When the keyboard is dismissed (or the keyboard type is changed), I simply set the height of the third Grid row back to zero.  I keep the panel height squirreled away so I know when the keyboard is dismissed.

This solves one problem.

However, because my Editor control is placed on a Page, there’s still that ScrollViewer sitting there up the visual tree that can interfere with my precise positioning.
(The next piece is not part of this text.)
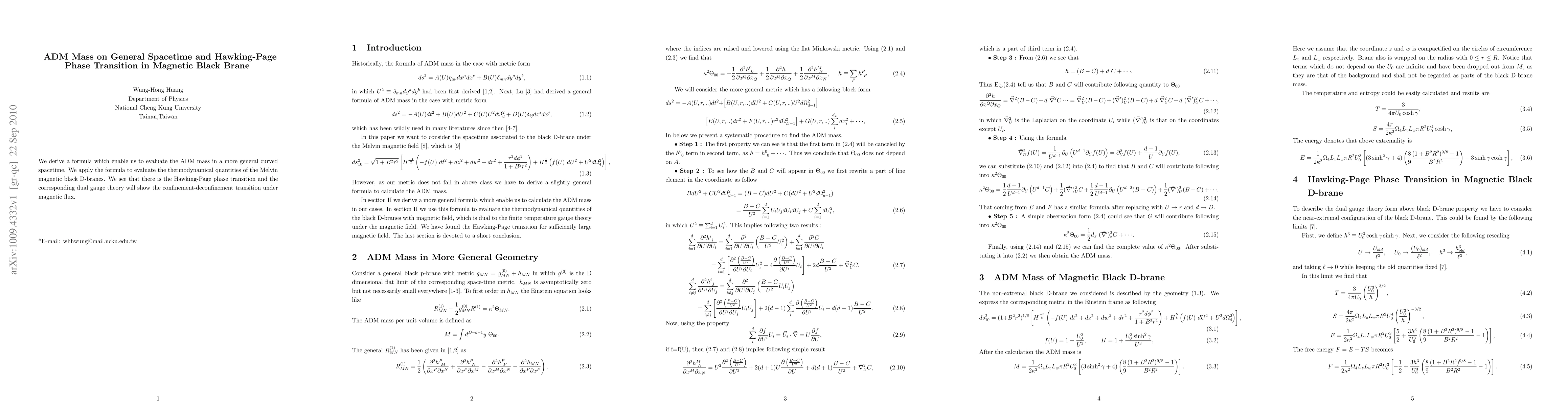 We derive a formula which enable us to evaluate the ADM mass in a more general curved spacetime. We apply the formula to evaluate the thermodynamical quantities of the Melvin magnetic black D-branes. We see that there is the Hawking-Page phase transition and the corresponding dual gauge theory will show the confinement-deconfinement transition under magnetic flux.

So in the Page that’s hosting the Editor control, I reach out and deliberately turn off its scrolling ability (very carefully, I might add, and carefully putting it back the way it was, although this is undoubtedly superstition and overkill):

private ScrollMode savedHorizontalScrollMode;
private ScrollMode savedVerticalScrollMode;
private ScrollBarVisibility savedHorizontalScrollBarVisibility;
private ScrollBarVisibility savedVerticalScrollBarVisibility;

...

/// <summary>
/// Invoked when the page is navigated from.
/// </summary>
/// <param name="e">The event args.</param>
protected override void OnNavigatedFrom(NavigationEventArgs e)
{
    // Only fiddling with the parent scroll view for touch
    if (UIViewSettings.GetForCurrentView().UserInteractionMode == UserInteractionMode.Touch)
    {
        // We have access to the visual tree at this point
        var parent = Helpers.Helpers.GetRootScrollViewer(this);

        if (parent != null)
        {
            parent.HorizontalScrollMode = this.savedHorizontalScrollMode;
            parent.VerticalScrollMode = this.savedVerticalScrollMode;
            parent.HorizontalScrollBarVisibility = this.savedHorizontalScrollBarVisibility;
            parent.VerticalScrollBarVisibility = this.savedVerticalScrollBarVisibility;
        }
    }
}

/// <summary>
/// Invoked when the page is loaded. Turn off scrolling on the root scroll viewer so we
/// can handle our own layout when the onscreen keyboard is used.
/// </summary>
/// <param name="sender">The event sender.</param>
/// <param name="e">The event arguments.</param>
private void OnLoaded(object sender, RoutedEventArgs e)
{
    // Only fiddling with the parent scroll view for touch
    if (UIViewSettings.GetForCurrentView().UserInteractionMode == UserInteractionMode.Touch)
    {
        // We have access to the visual tree at this point
        var parent = Helpers.Helpers.GetRootScrollViewer(this);

        if (parent != null)
        {
            this.savedHorizontalScrollMode = parent.HorizontalScrollMode;
            this.savedVerticalScrollMode = parent.VerticalScrollMode;
            this.savedHorizontalScrollBarVisibility = parent.HorizontalScrollBarVisibility;
            this.savedVerticalScrollBarVisibility = parent.VerticalScrollBarVisibility;

            parent.HorizontalScrollMode = ScrollMode.Disabled;
            parent.VerticalScrollMode = ScrollMode.Disabled;
            parent.HorizontalScrollBarVisibility = ScrollBarVisibility.Disabled;
            parent.VerticalScrollBarVisibility = ScrollBarVisibility.Disabled;
        }
    }
}

Of course, there’s a method as well that tries to find that root scroll viewer:

public static ScrollViewer GetRootScrollViewer(DependencyObject el)
{
    while (el != null && !(el is ScrollViewer))
    {
        el = VisualTreeHelper.GetParent(el);
    }

    return (ScrollViewer)el;
}

With this in place, the root ScrollViewer no longer scrolls the Page view up, so all positioning happens in the Editor control.

And voila.

As I mentioned earlier, there must be an easier way of doing this (particularly the last part, which feels kind of fragile).  If and when I find it, I’ll report back.  In the meantime, I’m happily using eclecdec in tablet mode.